Perlu  anda cermati bahwa tidak semua orang akan mengalami efek samping yang sama antara orang yang satu dengan yang lainnya karena dipengaruhi oleh kondisi tubuh termasuk dipengaruhi oleh sistem kekebalan tubuh.

Interaksi Obat

Ada beberapa jenis obat yang bisa digunakan secara bersamaan namun tidak sedikit pula yang dilarang untuk dikonsumsi bersama-sama.

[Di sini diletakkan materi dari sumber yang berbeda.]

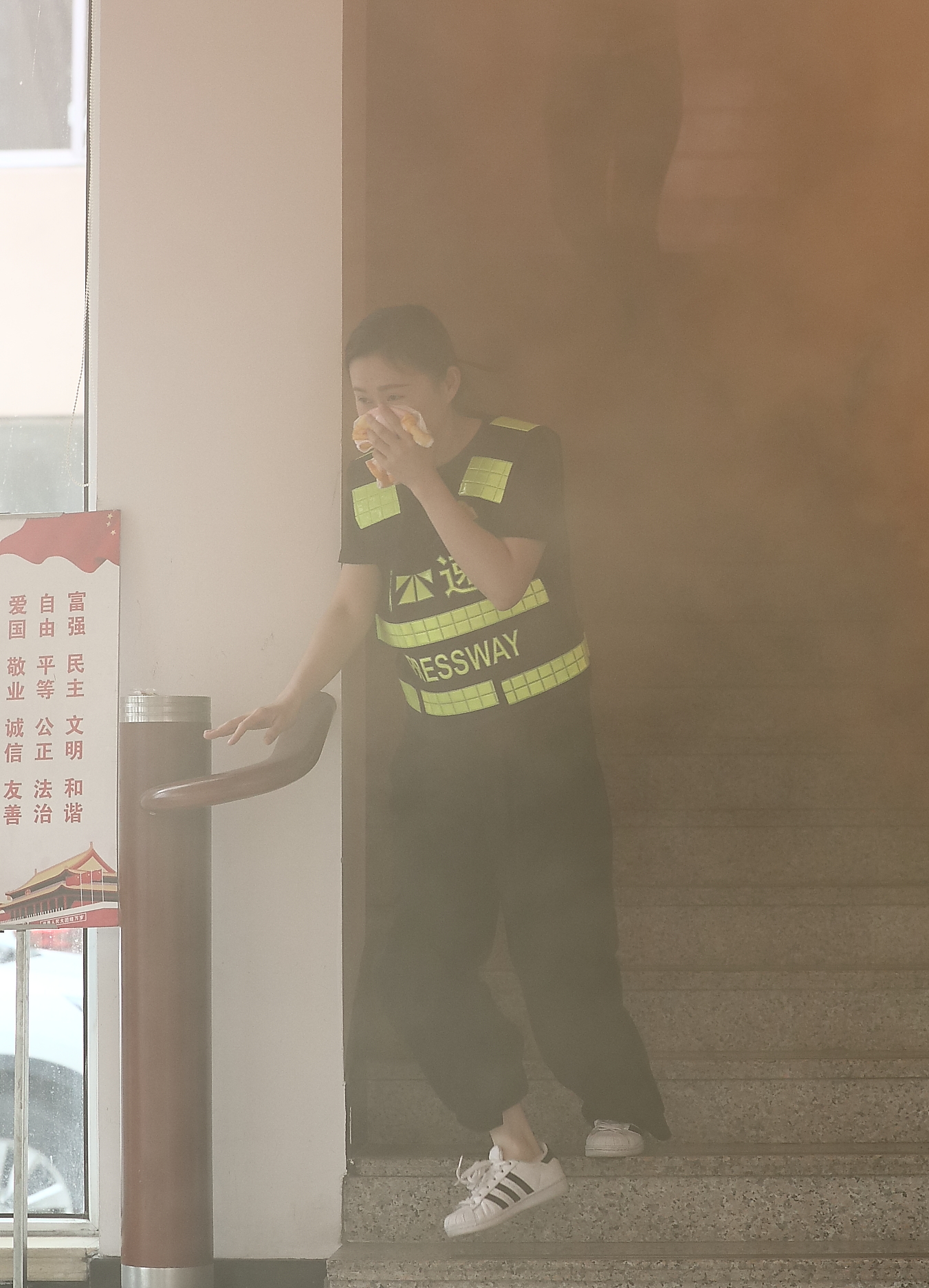 圖為火災(zāi)逃生演練現(xiàn)場(chǎng)

Maka dari itu anda harus memberitahukan kepada ahli kesehatan mengenai obat-obatan maupun suplemen yang sedang anda konsumsi agar dapat terhindar dari interaksi obat ariski.

Perhatian

  • Anda harus segera menghentikan atau mengurangi dosis jika muncul gejala atau tanda indikasi sindrom neuroleptik ganas.
  • Pemakaian obat ariski harus segera anda hentikan jika anda terindikasi mengalami alergi seperti ruam, sakit tenggorokan, demam, gatal, pucat, maupun tanda-tanda lain yang dimungkinkan muncul karena jika dibiarkan malah akan mengakibatkan efek samping yang lebih fatal.
  • Sangat dianjurkan untuk berhati-hati memberikan obat ini kepada pasien yang mempunyai riwayat kejang.
  • Perhatian khusus harus diberikan kepada pasien yang mengalami penyakit cardiovaskular, penyakit serebrovaskular, dan juga terhadap kondisi yang dapat mempengaruhi hipotensi, misalnya seperti dehidrasi maupun hipovolemia, serta juga kondisi seseorang yang mengalami hipertensi.

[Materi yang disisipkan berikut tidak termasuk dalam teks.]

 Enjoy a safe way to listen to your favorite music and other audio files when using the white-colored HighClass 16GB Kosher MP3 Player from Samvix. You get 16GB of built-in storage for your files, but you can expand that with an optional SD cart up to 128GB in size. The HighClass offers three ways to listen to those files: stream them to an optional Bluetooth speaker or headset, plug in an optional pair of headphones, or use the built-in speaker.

Demikian informasi yang dapat kami sampaikan. Perlu anda ketahui bahwa takaran dosis orang kemungkinan akan berbeda karena hal ini disesuaikan dengan kebutuhan dan juga kondisi tubuh seseoran. Maka dari itu penting untuk selalu berkonsultasi dengan dokter mengenai kemungkinan manfaat dan resiko yang mungkin bisa anda dapatkan selama menggunakan obat ariski.